Judicial Watch Statement on Supreme Court ‘One-Person, One-Vote’ Evenwel Ruling

Judicial Watch Statement on Supreme Court ‘One-Person, One-Vote’ Evenwel Ruling

APRIL 04, 2016

(Washington, DC) – Judicial Watch reacted to today’s ruling by the United States Supreme Court in finding that the “one-person, one-vote” principle under the Equal Protection Clause allows States to use total population only, rather than voter population, when apportioning state voting districts. Judicial Watch said that the decision was “political” and would “not stand the test of time.”

The Supreme Court ruled this morning unanimously that Texas was constitutionally justified in drawing state electoral districts based on total population.

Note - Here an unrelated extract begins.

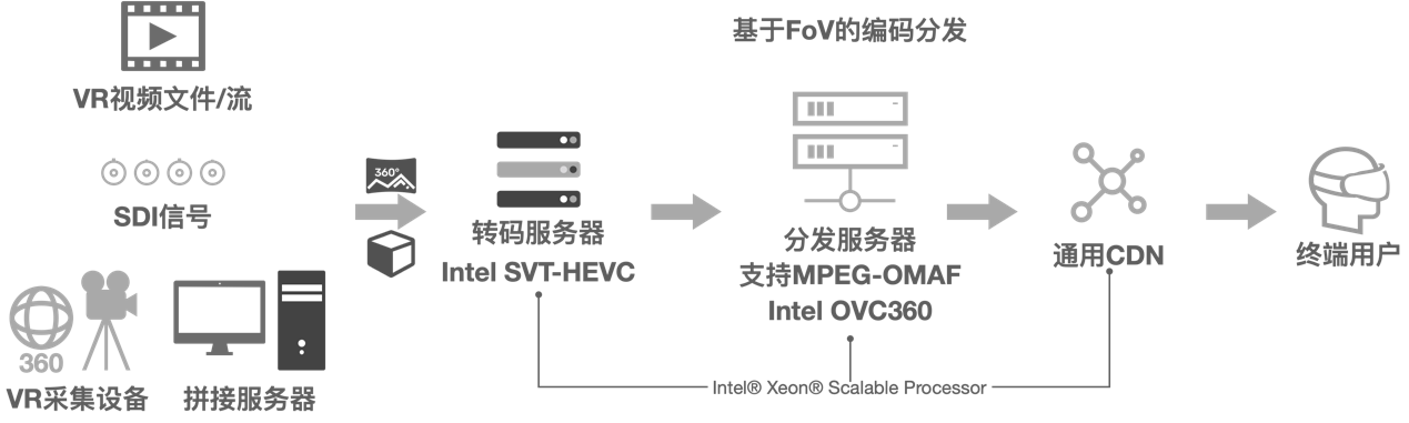 采用了英特尔的SVT-HEVC技术,基于HEVC的Tile编码标准,可实现8K 60fps的实时编码,将VR视频分割成多个独立编码的Tile,终端设备只需根据需求选择Tile区域,进行解码渲染,有效减小带宽和解码压力。

Judicial Watch President Tom Fitton stated:

The Supreme Court’s Evenwel decision undermines the principle of “one man, one vote.”  The decision will encourage politicians to fill their legislative districts with more non-citizens and fewer voting Americans.  This abuse could lead to unequal voting power for voters in districts with large numbers of alien residents.  Under this decision, 100,000 black American voters in one state legislative district would have the same voting power as 10,000 white American voters in another district with 90,000 non-citizens.  Even though total population is the same in both districts, voting power is radically different.  These types of abuses, already present in Texas, will spread nationally. This is one reason this political decision by the High Court won’t stand the test of time.

Judicial Watch joined with the Allied Educational Foundation (AEF) in the filing of two amici curiae briefs with the U.S. Supreme Court in support of Sue Evenwel, a Texas resident who filed a lawsuit to overturn a Texas “malapportionment” law (Sue Evenwel, et al. v. Greg Abbott, et al. (No 14-940)) and (Sue Evenwel, et al. v. Greg Abbott, et al. (No. 14-940)).

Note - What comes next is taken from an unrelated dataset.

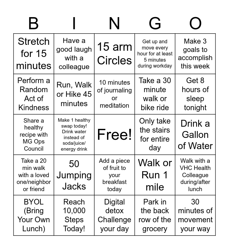 This bingo card has a free space and 24 words: 50 Jumping Jacks, Reach 10,000 Steps Today!, 10 minutes of journaling or meditation, BYOL (Bring Your Own Lunch), Make 3 goals to accomplish this week, Stretch for 15 minutes, Perform a Random Act of Kindness, Have a good laugh with a colleague, Only take the stairs for entire day, Add a piece of fruit to your breakfast today, Take a 30 minute walk or bike ride, Share a healthy recipe with MG Ops Council, Walk or Run 1 mile, Walk with a VHC Health Colleague during/after lunch, Run, Walk or Hike 45 minutes, Park in the back row of the grocery, Drink a Gallon of Water, 15 arm Circles, Get 8 hours of sleep tonight, Make 1 healthy swap today! Drink water instead of soda/juice/ energy drink, 30 minutes of movement your way, Take a 20 min walk with a loved one/neighbor or friend, Get up and move every hour for at least 5 minutes during workday and Digital detox Challenge your day.

Judicial Watch and AEF argued to the court that:

Texas is devaluing the votes of certain of its citizens by improperly including noncitizen nonvoters when determining the “equal population” of legislative districts. Under federal law and the laws of all 50 states, only citizens may vote in federal elections. Texas’ scheme to give weight to nonvoting noncitizens along with lawful voters is contrary to the principles embodied in citizen voting laws.

In June 2013, the Texas legislature passed “Plan S172,” apportioning senatorial voting districts according to the total number of citizens, including illegal aliens, who live in a district, rather than according to the total number of voters or potential voters. As a result, the high numbers of non-voting-eligible immigrants – whether legal or illegal – in Texas’ urban centers substantially inflated the voting power of the lesser number of eligible voters who also reside in those districts. The situation is particularly acute in urban areas like Dallas and Houston, where up to 50 percent of voting age Hispanics are not currently U.S. citizens.

In June 2014, Texas citizens Sue Evenwel and Edward Pfenninger, both of whom live in areas “overpopulated” with eligible voters as compared to other Texas state senate districts, brought suit claiming that the law violated the “one person, one vote” clause of the Fourteenth Amendment. On November 5, 2014, a three-judge federal district court dismissed the suit, and on December 4, 2014, Evenwel and Pfenninger filed their notice of appeal to the Supreme Court.

The Judicial Watch-AEF brief argued that the districting law almost cuts in half the voting power of some Texas citizens, as compared to others.